#31 on our Top 40 RST list.
Its history also fascinates us - so many stories to tell from those
gravestones. I confess to making an
error by repeating a rumor that only Shelley's heart was buried there. I was quickly corrected by one of the
Cemetery volunteers... but the error remains in the print edition of RST, to my
embarrassment. Now I can't claim poor
sources for any errors because there's a terrific new book out on the
Cemetery: Nicholas Stanley-Price's The
Non-Catholic Cemetery in Rome: Its History, Its People and Its Survival for 300
Years.
Keats' tombstone; now cleaned up; without his name, as he requested of his friend, Severn; only "Young English Poet" and the words he requested: "Here lies one whose name was writ in water." |
Gramsci's tombstone, the third most popular in the cemetery, per Stanley- Price |
Stanley-Price relates a late 19th century plan to cut a road for cars and a tram-line through the Cemetery and sever the ancient part - where Keats lies near to the Pyramid, from the merely "old" part (now called the New Cemetery) which was the orderly beginning of the main part of the cemetery. In the 1880s about 30 meters' length of the Aurelian Wall next to the Pyramid was destroyed to make way for the road, then left boarded up for decades, then in 1930 put back in place ("restored" or rather a simulacra of it put in place). Hence those lighter colored bricks, the opening for the cat pound, and the placement of numerous memorial plaques on this rather new section of the wall.
The book
has nifty sidebars with lists such as
"Artists buried in the 18th century with no grave known today"

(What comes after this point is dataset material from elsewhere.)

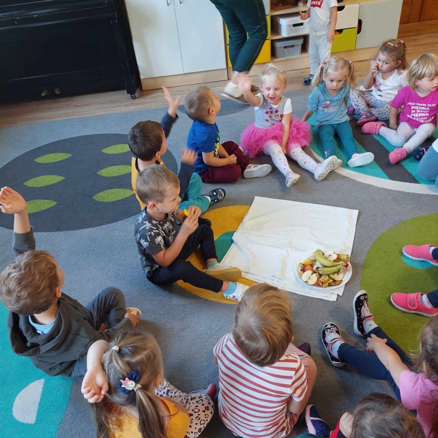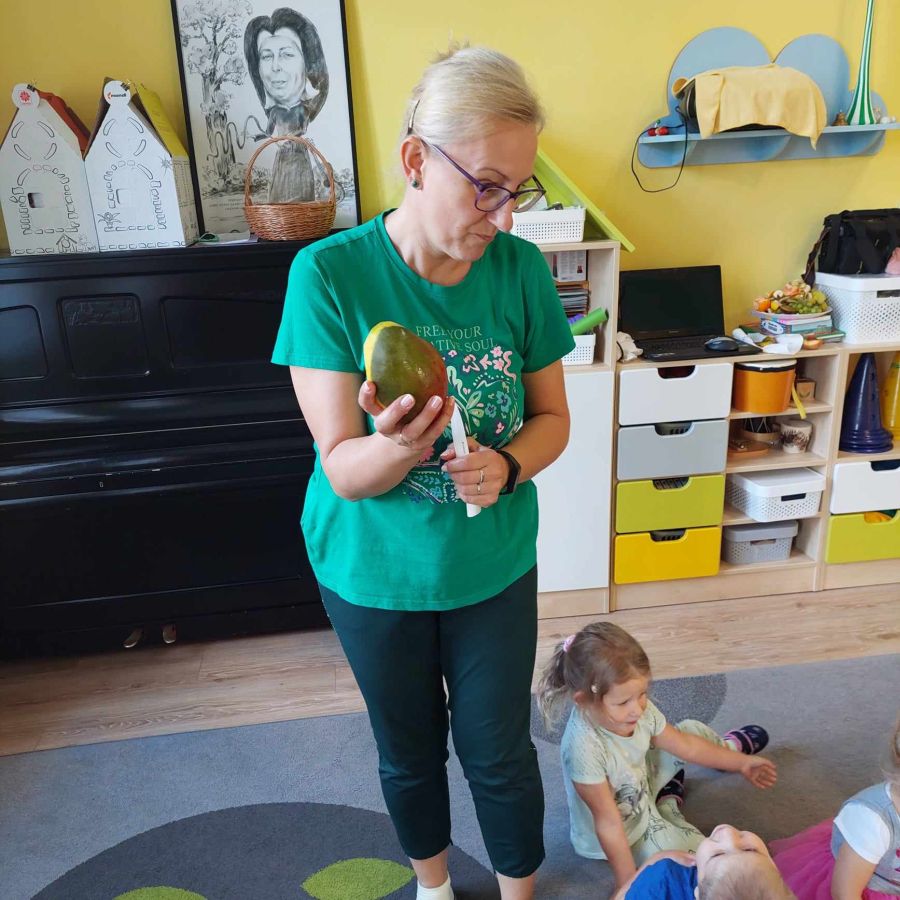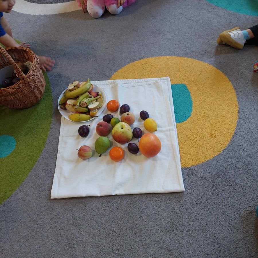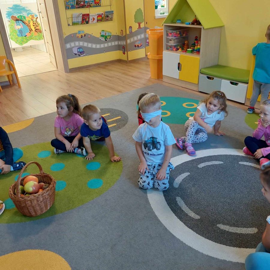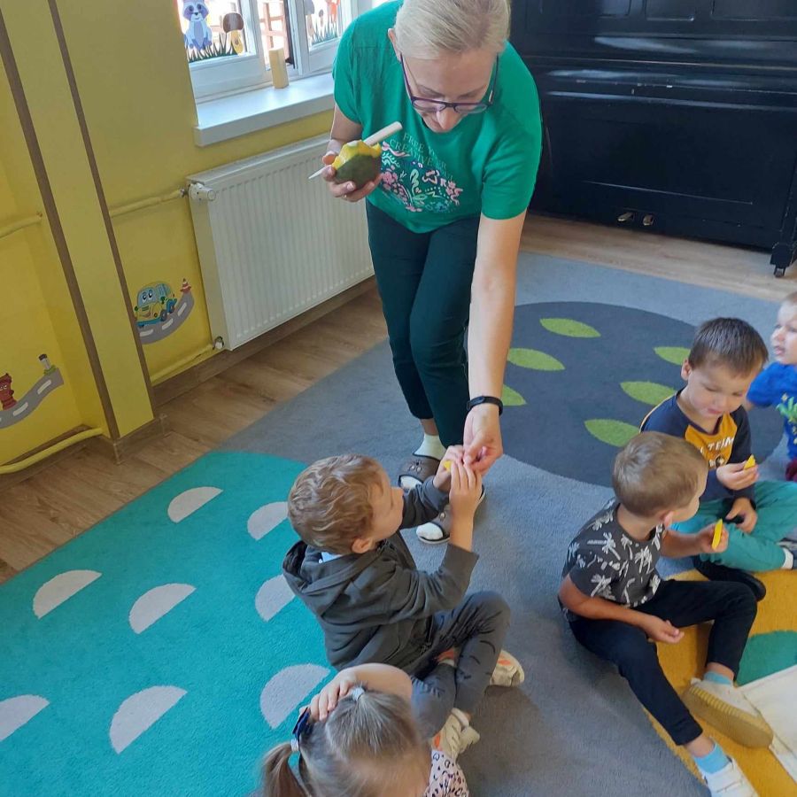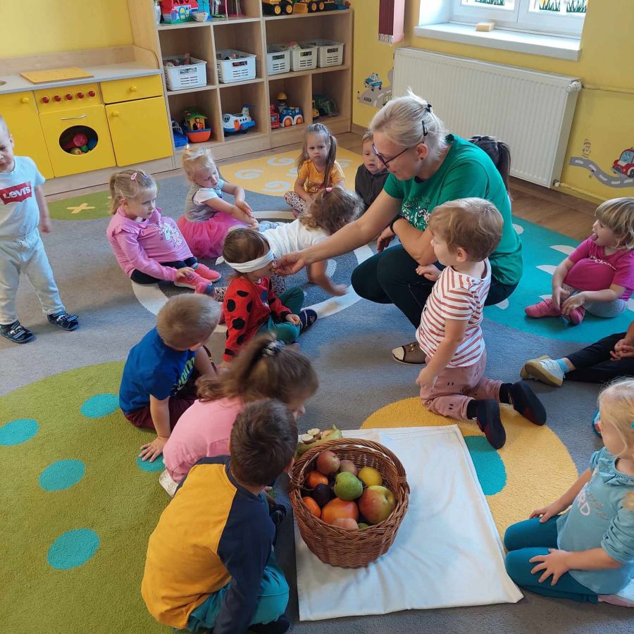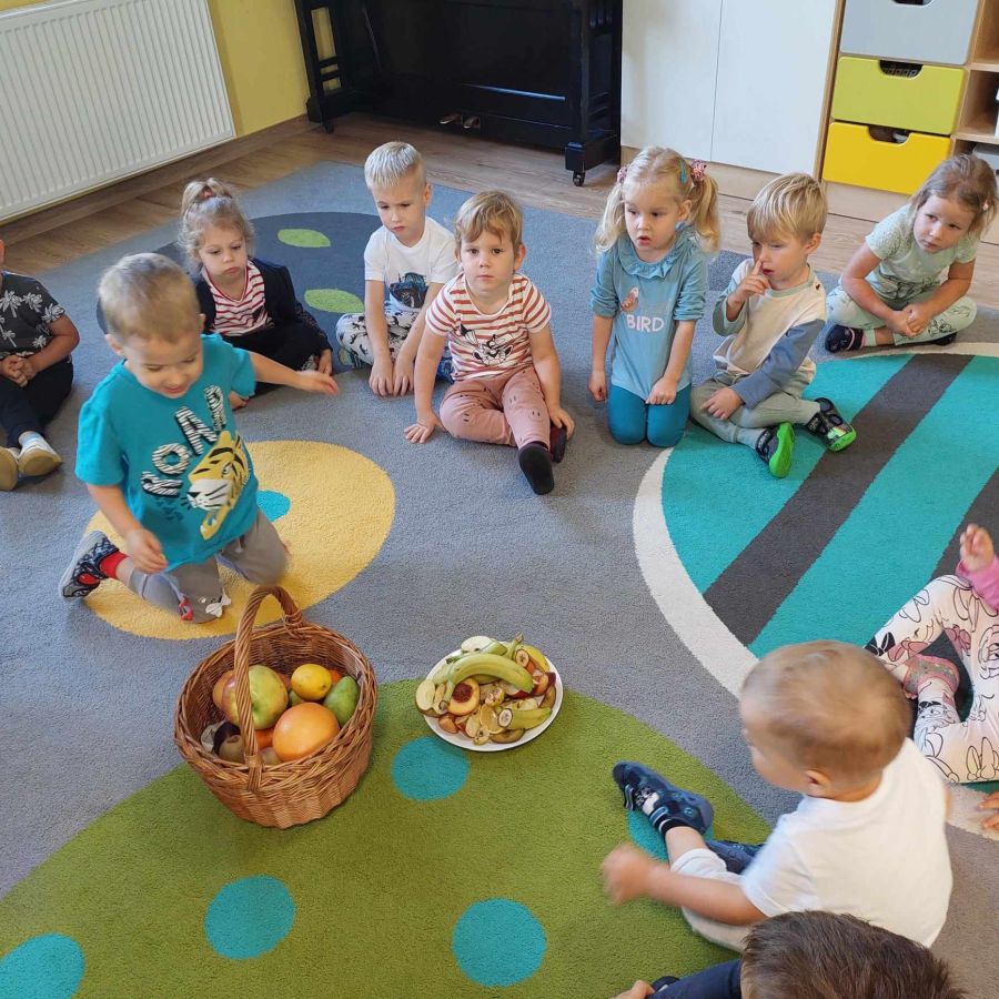 Grupa młodsza, podobnie jak starsza poznawała różne owoce wielozmysłowo. Dzieci chętnie zajadały bogate w witaminy dary natury.

and "A selection of noted sculptors buried in the Cemetery," as well
as some with interesting side stories:
"Hendrik Anderson's sculpture Eternal Life" and
"Cosmopolitanism of the cemetery burials."
You'll also find out why Gramsci is buried there, even though Italians generally cannot be (it goes back to his in-laws - they were good for something). And Daisy Miller is buried there - at least in Henry James's novel.